The convictions are a prime example of the compelling and damning impact of a confession on a jury. A jury easily overlooks discrepancies between the evidence and the confession. False confessions are real and can result in miscarriages of justice.

The State bears the burden of showing that an accused gave a valid waiver of his Miranda rights prior to making incriminating statements during custodial interrogation. Miranda v. Arizona, 384 U.S. 436, 475 (1966). In making this determination, courts look at the totality of the circumstances. State v. Hunt, 607 P.2d 1297, 300 (Utah 1980). On appeal, a trial court's finding of a valid waiver of Miranda rights is granted some degree of discretion. State v. Leyva, 951 P.2d 738, 741 (Utah 1997).

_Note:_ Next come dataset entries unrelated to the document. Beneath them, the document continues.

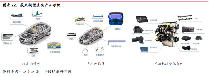 航天模塑的汽车内饰件产品主要包括主仪表板总成、副仪表板总成、门板总成、立柱内护板、EPP发泡件等;航天模塑的汽车外饰件产品主要包括保险杠总成、扰流板总成、全塑尾门总成、车身下装饰件、通风盖板总成、挡泥板等;航天模塑生产的发动机轻量化部件主要包括发动机进气歧管、压力管、燃油轨、汽缸罩盖等。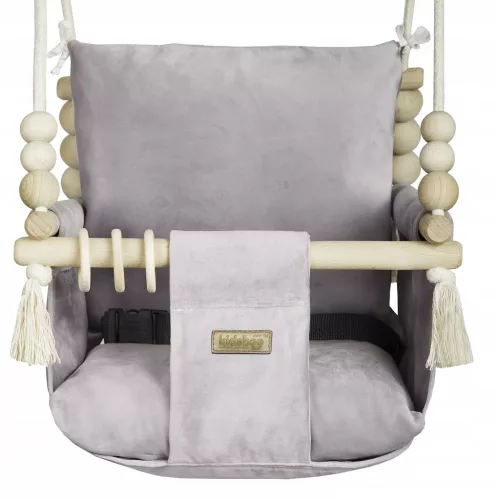 Huśtawka marki KIDABOO™ wykonana z mięciutkiego materiału Velvet który charakteryzuje się łatwym utrzymaniem w czystości. Huśtawka posiada wyższe oparcie, które chroni główkę oraz plecki najmłodszych już siedzących dzieci. Huśtawka została wykonana przez nas w Polsce, w pełni hand-made.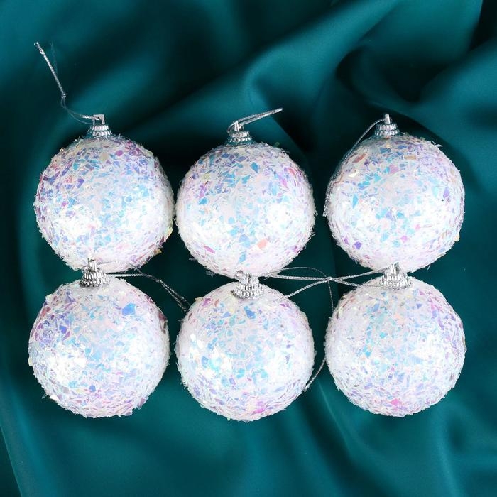 Набор шаров пластик d-6 см, 6 шт "Снежное сияние" белый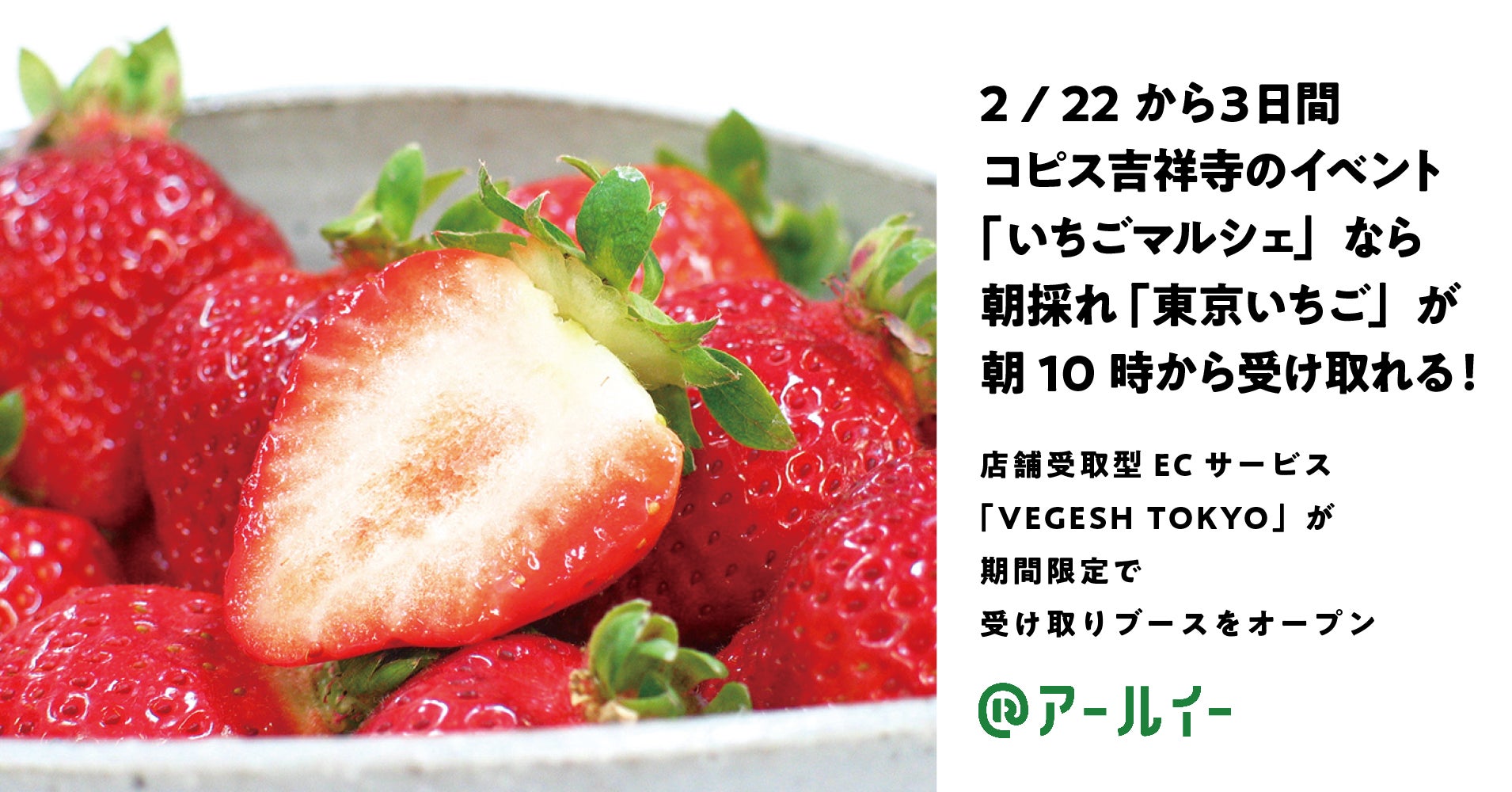朝採れの「東京いちご」が朝10時に受け取れる!都内の地産地消を促進する店舗受取型ECサービス「VEGESH TOKYO」が2/22から3日間「いちごマルシェ in コピス吉祥寺」に受取ブースをオープン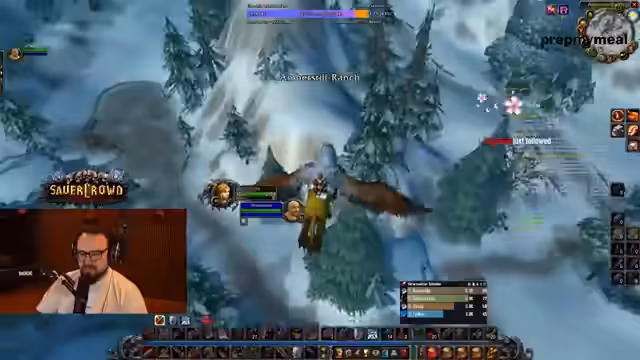 19:17:06Nach einer kurzen Mini-Break befindet sich der Streamer auf dem Flug nach Ironforge. Er plant, drei Kreuze vom Wartezimmer-Spiegel zu entfernen, um sich für den Dungeon vorzubereiten. Er grüßt einige Stream-Zuschauer wie Spark und Fruitroot und ist erleichtert, dass Sly, den er zuvor für eine gemeinsame Auswanderung in Betracht gezogen hatte, doch noch im StreamTogether ist und nun als Mitglied der Gruppe agiert. Es wird eine Wette angestoßen, ob jemand im Dungeon sterben wird.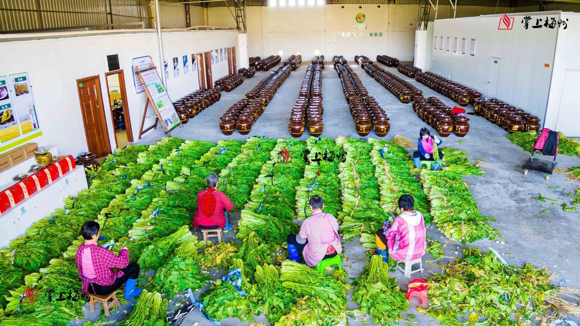 在阵阵飘香的加工厂里,村民们正在抢抓好时节腌制芥菜。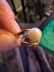 18k Gold Pave Diamond and Cultured Pearl Bypass Ring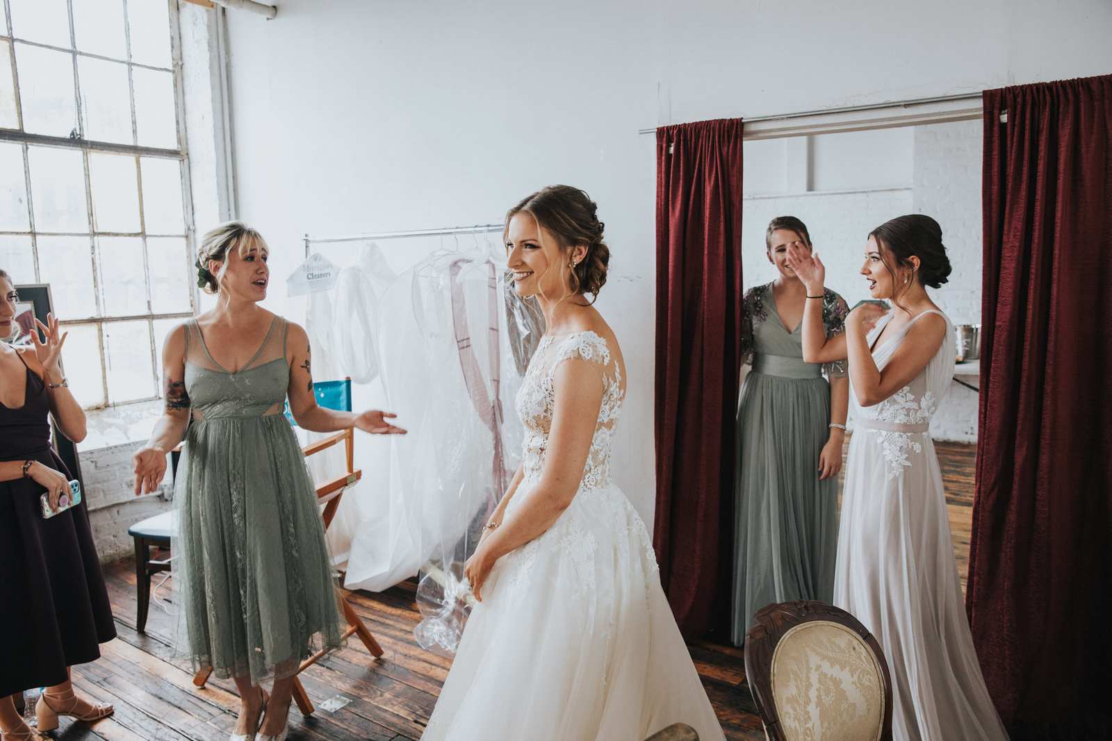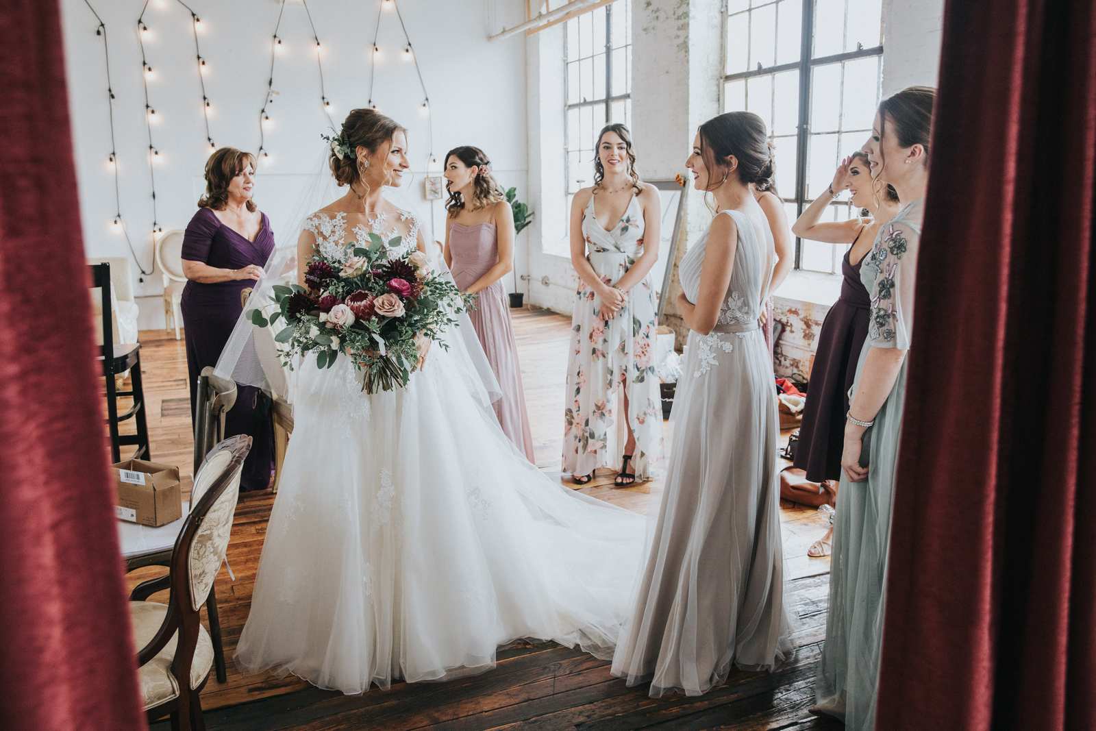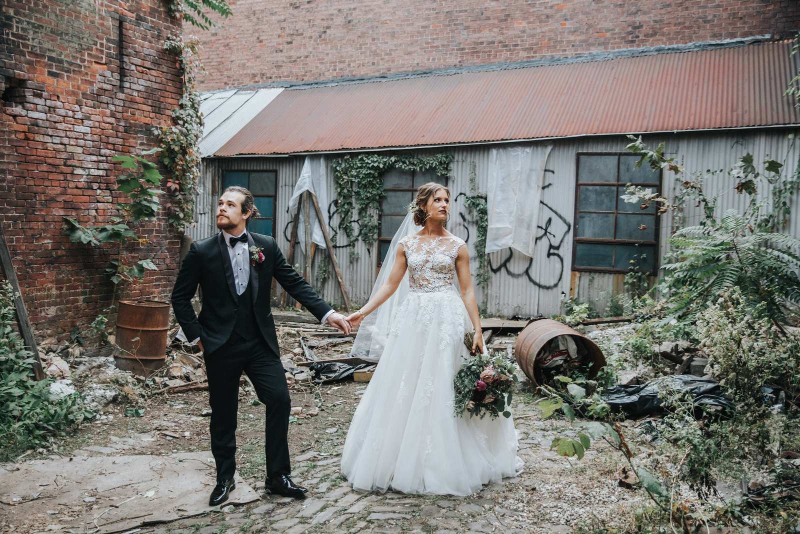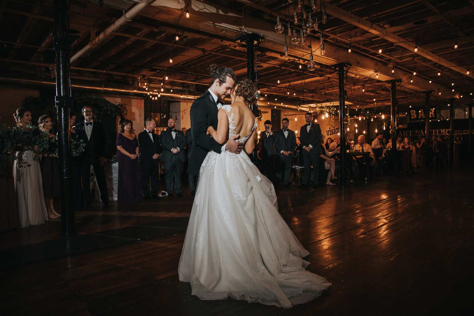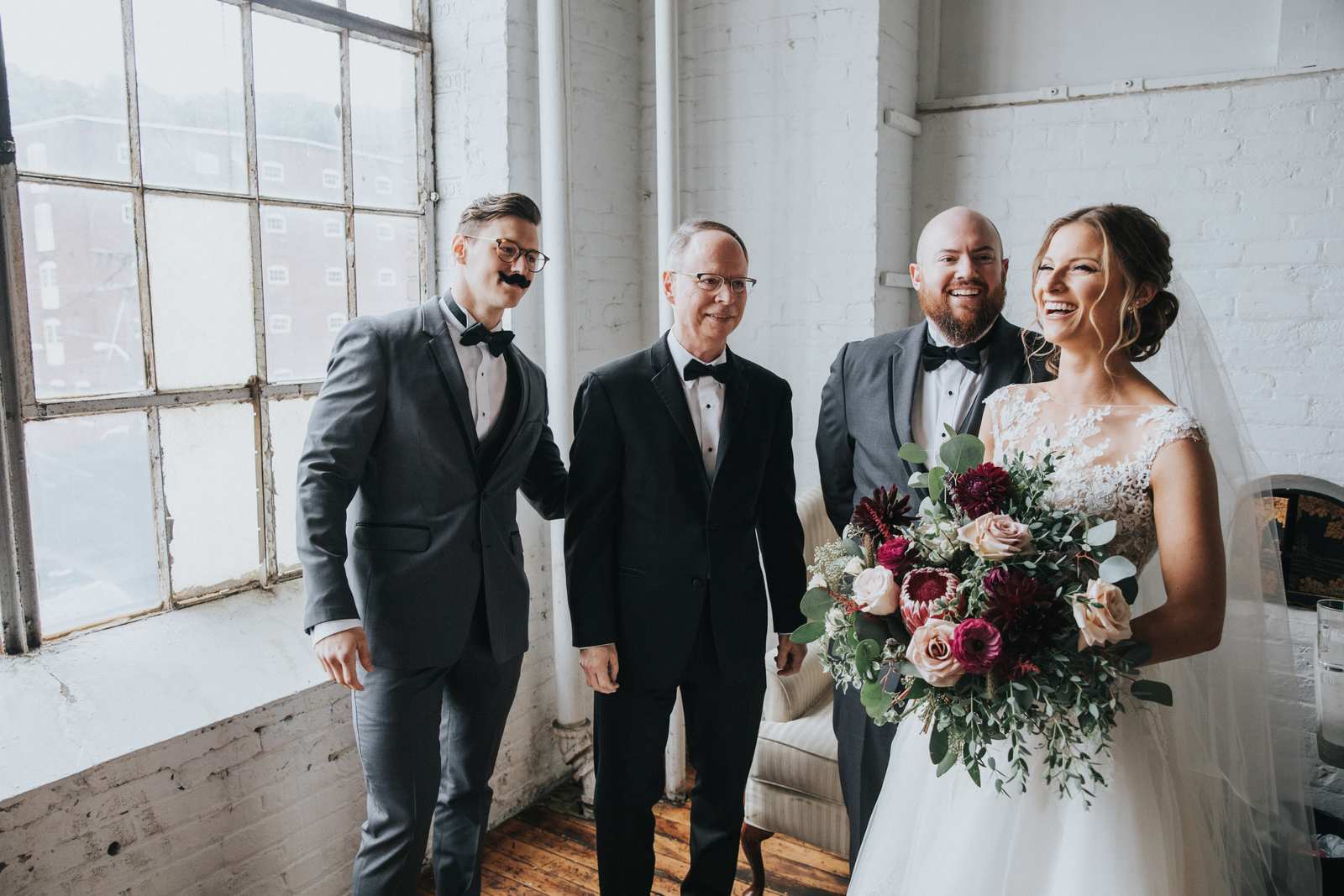 Photographs from a wedding in one of the most unique wedding venues we have seen in the New jersey – The Art Factory! We can only describe the space as fully authentic industrial chic. The factory maintains almost all of the original elements from when served as a textile mill in the 19th century from exposed wood and metal beams, wood plank floors, concrete walls, machinery mounts, and more. It is not a place that could describe as stereotypically pretty but we think it is the perfect backdrop for couples looking for a unique wedding vibe fit for a party!

After determining a valid Miranda waiver has occurred, the courts are then called upon to determine whether a confession was involuntary, unreliable, and a product of coercion. If a confession was involuntary, its admission violates the defendant's due process rights under the Fourteenth Amendment of the United States Constitution, and Article I, Section 7 of the Utah Constitution. Under the totality of circumstances test, courts must consider such external factors as the duration of the interrogation, the persistence of the officers, police trickery, absence of family and counsel, as well as threats and promises made to the defendant by the officers. Moreover, the defendant's mental health, mental deficiency, emotional instability, education, age, and familiarity with the judicial system are additional factors which must be considered.4

Coercive police activity is a necessary predicate to a finding that a confession is involuntary. Colorado v. Connelly, 479 U.S. 157, 167 (1986). However, police do not need to engage in flagrant misbehavior in order to be coercive. "Rather, subtle pressures are considered to be coercive if they exceed the defendant's ability to resist. Accordingly, pressures that are not coercive in one set of circumstances may be coercive in another set of circumstances if the defendant's condition renders him or her uncommonly susceptible to police pressures." In Re Jerrell, 699 N.W.2d 110, ¦19 (Wis. 2005) (citation omitted). Since the police conduct itself is inextricably intertwined with the determination of the voluntariness of a statement, it should hardly be surprising that the police are not likely to admit that they engaged in a host of coercive tactics.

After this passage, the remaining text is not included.